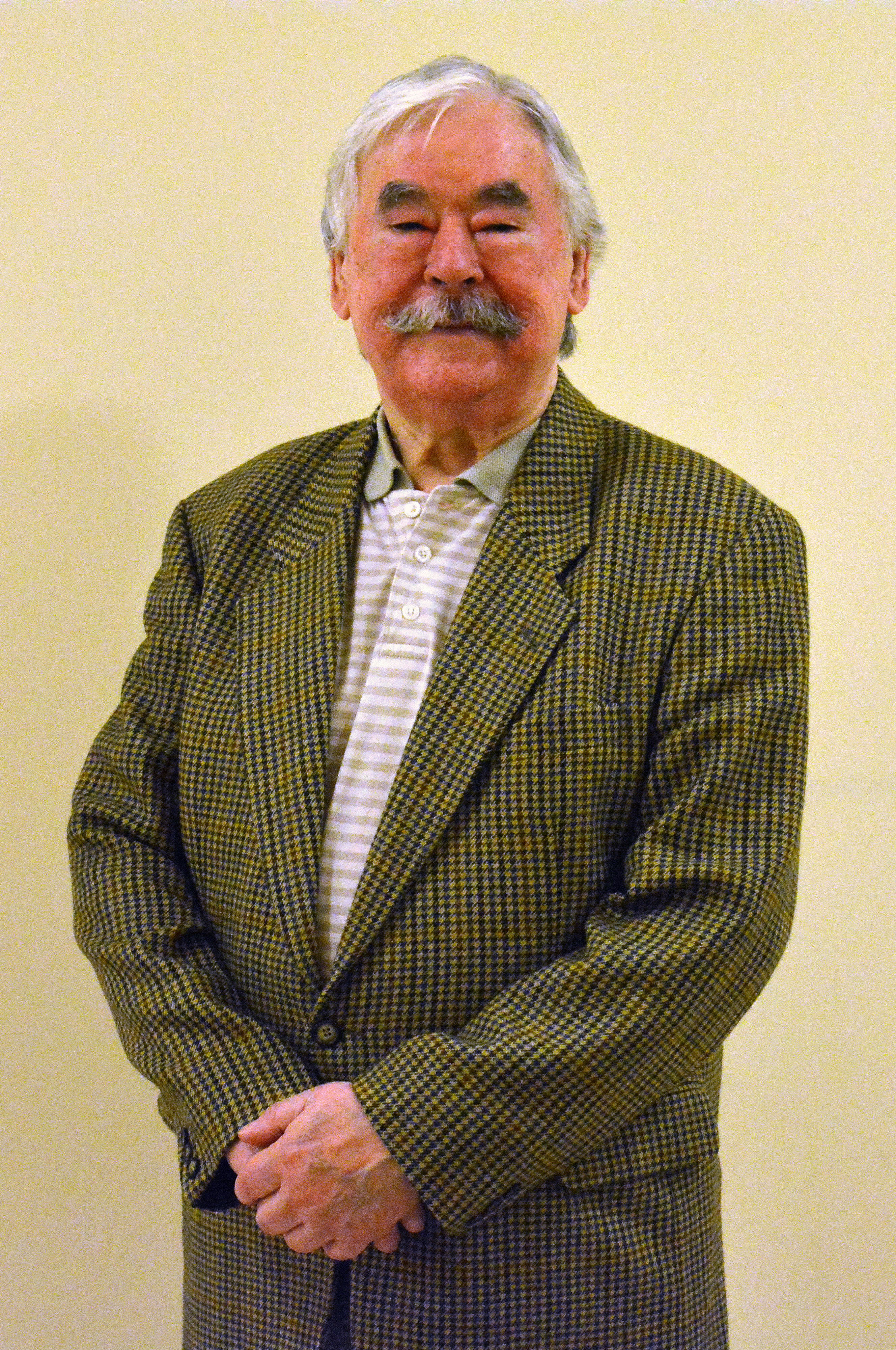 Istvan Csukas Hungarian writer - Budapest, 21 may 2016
-=-=-
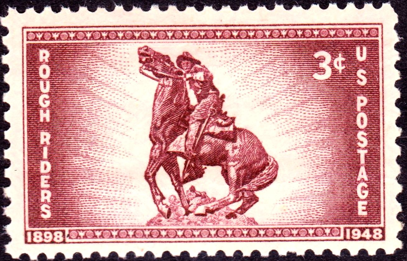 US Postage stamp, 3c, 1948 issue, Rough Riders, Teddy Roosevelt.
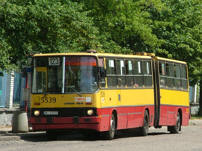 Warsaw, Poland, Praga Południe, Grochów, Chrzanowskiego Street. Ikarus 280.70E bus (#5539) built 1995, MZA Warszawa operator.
-=-=-
▸ **Requirement**:
Only the lines of the listing above from the one with "US Postage stamp, 3c, 1948" through the one with "Warsaw, Poland, Praga" should be output, exactly, with both ends kept and pictures left out.

▸ **Output for this task**:
 US Postage stamp, 3c, 1948 issue, Rough Riders, Teddy Roosevelt.
 Warsaw, Poland, Praga Południe, Grochów, Chrzanowskiego Street. Ikarus 280.70E bus (#5539) built 1995, MZA Warszawa operator.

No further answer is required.